DATA EXCERPT:
# # # # # # #
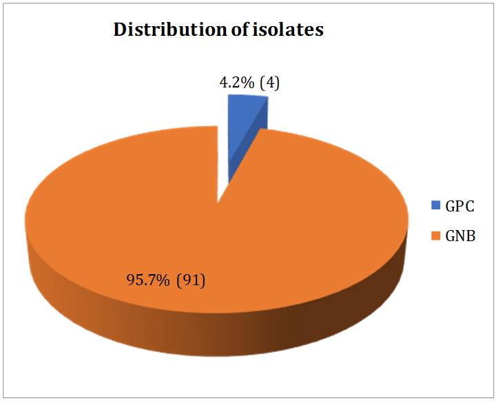 Out of the 250 samples, culture positive were 34.8% (n=87) and culture negative were 65.2% (n=163). Out of 87 culture-positive samples, polymicrobial growth was observed in 9.19% (n=8) and monomicrobial growth was observed in 90.8% (n=79). Majority of organisms isolated were Gram-negative bacilli 95.7% (n=91) and gram-positive cocci isolates are 4.2% (n=4) (fig 1).
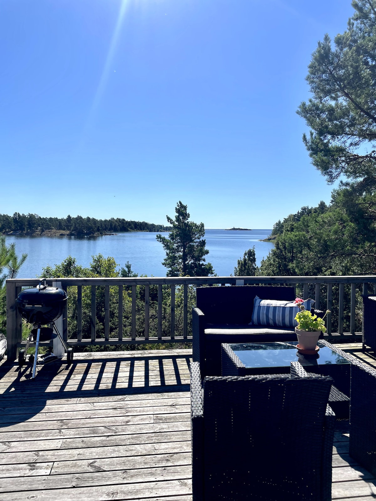 Newly-built cottage right by the sea with a large jetty and a private berth. The dock is made for you to enjoy all day, as there are sun loungers, swimming ladder, outdoor furniture and barbecue. Within walking distance, you can rent kayaks, paddle tennis courts and a spa. The cottage has an open living room and kitchen with stunning views of the sea. Toilet with shower and washing machine. Upstairs, there are 3 bedrooms. One with a double bed and a private balcony, one with 2 single beds that can be put together and one with a 120 cm bed.
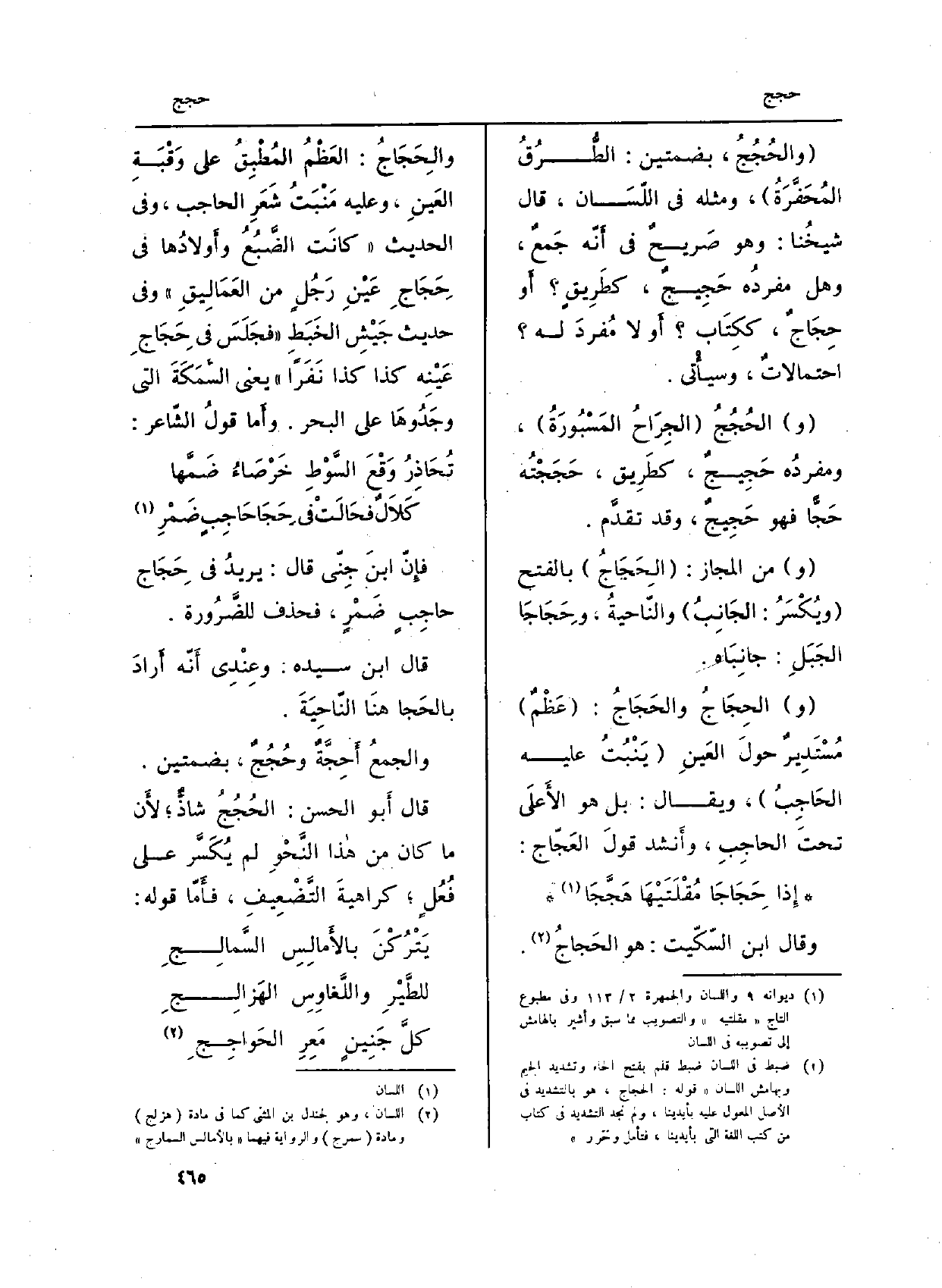 وَقَالَ ابْن السّكّيت: هُوَ} الحَجاجُ. والحَجَاجُ: العَظْمُ المُطْبِقُ على وَقْبَةِ العَينِ، وَعَلِيهِ مَنْبَتُ شَعَرِ الْحَاجِب، وَفِي الحَدِيث (كانَت الضَّبُعُ وأَولادُها فِي حَجَاجِ عَيْنِ رَجُلٍ من العَمَالِيقِ) وَفِي حَدِيث جَيْشِ الخَبَطِ (فجَلَسَ فِي حَجَاجِ عَيْنِه كَذَا كَذَا نَفَراً) يَعْنِي السَّمَكَةَ الَّتِي وجَدُوهَا على الْبَحْر. وأَما قولُ الشّاعر:
# # # # # # #
PROBLEM:
Copy, exactly and exclusively, the lines beginning with the one that contains "Newly-built cottage right" and ending with the last line of the listing; pictures are to be omitted.

REPLY:
 Newly-built cottage right by the sea with a large jetty and a private berth. The dock is made for you to enjoy all day, as there are sun loungers, swimming ladder, outdoor furniture and barbecue. Within walking distance, you can rent kayaks, paddle tennis courts and a spa. The cottage has an open living room and kitchen with stunning views of the sea. Toilet with shower and washing machine. Upstairs, there are 3 bedrooms. One with a double bed and a private balcony, one with 2 single beds that can be put together and one with a 120 cm bed.
 وَقَالَ ابْن السّكّيت: هُوَ} الحَجاجُ. والحَجَاجُ: العَظْمُ المُطْبِقُ على وَقْبَةِ العَينِ، وَعَلِيهِ مَنْبَتُ شَعَرِ الْحَاجِب، وَفِي الحَدِيث (كانَت الضَّبُعُ وأَولادُها فِي حَجَاجِ عَيْنِ رَجُلٍ من العَمَالِيقِ) وَفِي حَدِيث جَيْشِ الخَبَطِ (فجَلَسَ فِي حَجَاجِ عَيْنِه كَذَا كَذَا نَفَراً) يَعْنِي السَّمَكَةَ الَّتِي وجَدُوهَا على الْبَحْر. وأَما قولُ الشّاعر:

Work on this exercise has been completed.